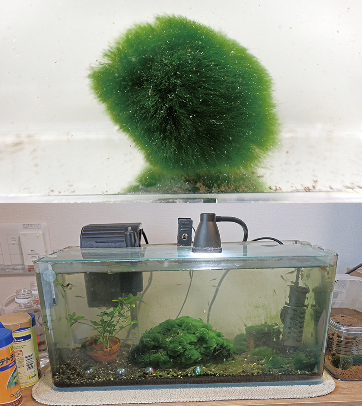 そんな問い合わせが国立科学博物館に届いたのは、今年の元日。公式サイトの「問い合わせフォーム」に、写真とともにメールで送られてきた。送り主は川崎市内の男性で、2021年7月に新しい水槽を立ち上げ、多摩川の河原で底に敷く石を採取していた。そして、2年後の23年6月には、石の表面に緑の毛がふさふさと生えた状態で、「まりも」のような球体が石からあふれ出るようになった、という。
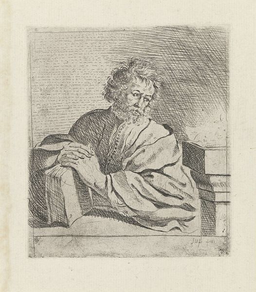 Curator: What a brooding face! It feels like stepping into someone’s melancholic dream. Editor: Indeed. We're looking at "Man met gesloten ogen," or "Man with Closed Eyes," a graphite drawing from 1828 attributed to Anthonie Willem Hendrik Nolthenius de Man. What immediately strikes me is the sheer amount of cross-hatching employed. Curator: It gives the piece so much texture, doesn't it? Almost like the man's worries are etched onto the page themselves. You can almost feel the artist's hand moving across the paper, deciding whether this is work for the light or for the dark, you know? Editor: Precisely. The pressure applied, the type of graphite, even the paper texture itself contributed to the emotional register of the drawing. These weren't mass-produced sketches, but unique handmade artefacts meant for portfolios, or perhaps pedagogical aids. Note, for example, how the clothing seems to be quickly delineated to allow focus upon the facial construction. Curator: True, it does have the feel of a quickly executed portrait. All these light pencil strokes shaping and shadowing a resting face, I imagine it to be the artists’ relative having a quick nap as they quickly sketch this image out of both artistic exercise, and familial love. Editor: I wonder if the eyes-closed portrait speaks to themes popular at that time, ideas of inwardness and subjective feeling... Curator: I hadn't thought of it that way! It definitely puts a different spin on the reading experience to note this piece's proximity to the romantic period. Still, something in his brow betrays that it would take little to wake the figure, despite the peaceful expression in his brow and face, it makes the entire drawing full of tense dynamism. Editor: That tension speaks to how deeply entangled the artist and subject actually were in the making process; not just personally entangled, but through specific types of tools, artistic skills, material qualities, even. It really helps in understanding Romantic-era ideals. Curator: Well, now I see even more in this quick sketchbook study than I did before. All that weight, made visible! Editor: It’s extraordinary how much we can glean from such a seemingly simple work. A fascinating convergence of the personal and material, wouldn’t you say?
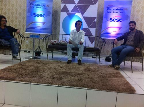 Para debater o assunto participaram o escritor Marcos Peres, de Maringá, e a escritora gaucha Cintia Moscovich e para nossa alegria, o debatedor da noite foi o professor Ney Arboleya, do colegiado de Pedagogia.
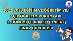 Açık Öğretim Ortaokulu 2022-2023 Eğitim ve Öğretim Yılı 2. Dönem sınavları 24 Nisan 2023 tarihi saat 09.30 ile 30 Nisan 2023 tarihi saat 23.59 arasında çevrim içi (online) olarak yapılacak.

- - - - -

EXERCISE OBJECTIVE: Repeat the data above exactly, but not the pictures.

EXERCISE OUTPUT:
 そんな問い合わせが国立科学博物館に届いたのは、今年の元日。公式サイトの「問い合わせフォーム」に、写真とともにメールで送られてきた。送り主は川崎市内の男性で、2021年7月に新しい水槽を立ち上げ、多摩川の河原で底に敷く石を採取していた。そして、2年後の23年6月には、石の表面に緑の毛がふさふさと生えた状態で、「まりも」のような球体が石からあふれ出るようになった、という。
 Curator: What a brooding face! It feels like stepping into someone’s melancholic dream. Editor: Indeed. We're looking at "Man met gesloten ogen," or "Man with Closed Eyes," a graphite drawing from 1828 attributed to Anthonie Willem Hendrik Nolthenius de Man. What immediately strikes me is the sheer amount of cross-hatching employed. Curator: It gives the piece so much texture, doesn't it? Almost like the man's worries are etched onto the page themselves. You can almost feel the artist's hand moving across the paper, deciding whether this is work for the light or for the dark, you know? Editor: Precisely. The pressure applied, the type of graphite, even the paper texture itself contributed to the emotional register of the drawing. These weren't mass-produced sketches, but unique handmade artefacts meant for portfolios, or perhaps pedagogical aids. Note, for example, how the clothing seems to be quickly delineated to allow focus upon the facial construction. Curator: True, it does have the feel of a quickly executed portrait. All these light pencil strokes shaping and shadowing a resting face, I imagine it to be the artists’ relative having a quick nap as they quickly sketch this image out of both artistic exercise, and familial love. Editor: I wonder if the eyes-closed portrait speaks to themes popular at that time, ideas of inwardness and subjective feeling... Curator: I hadn't thought of it that way! It definitely puts a different spin on the reading experience to note this piece's proximity to the romantic period. Still, something in his brow betrays that it would take little to wake the figure, despite the peaceful expression in his brow and face, it makes the entire drawing full of tense dynamism. Editor: That tension speaks to how deeply entangled the artist and subject actually were in the making process; not just personally entangled, but through specific types of tools, artistic skills, material qualities, even. It really helps in understanding Romantic-era ideals. Curator: Well, now I see even more in this quick sketchbook study than I did before. All that weight, made visible! Editor: It’s extraordinary how much we can glean from such a seemingly simple work. A fascinating convergence of the personal and material, wouldn’t you say?
 Para debater o assunto participaram o escritor Marcos Peres, de Maringá, e a escritora gaucha Cintia Moscovich e para nossa alegria, o debatedor da noite foi o professor Ney Arboleya, do colegiado de Pedagogia.
 Açık Öğretim Ortaokulu 2022-2023 Eğitim ve Öğretim Yılı 2. Dönem sınavları 24 Nisan 2023 tarihi saat 09.30 ile 30 Nisan 2023 tarihi saat 23.59 arasında çevrim içi (online) olarak yapılacak.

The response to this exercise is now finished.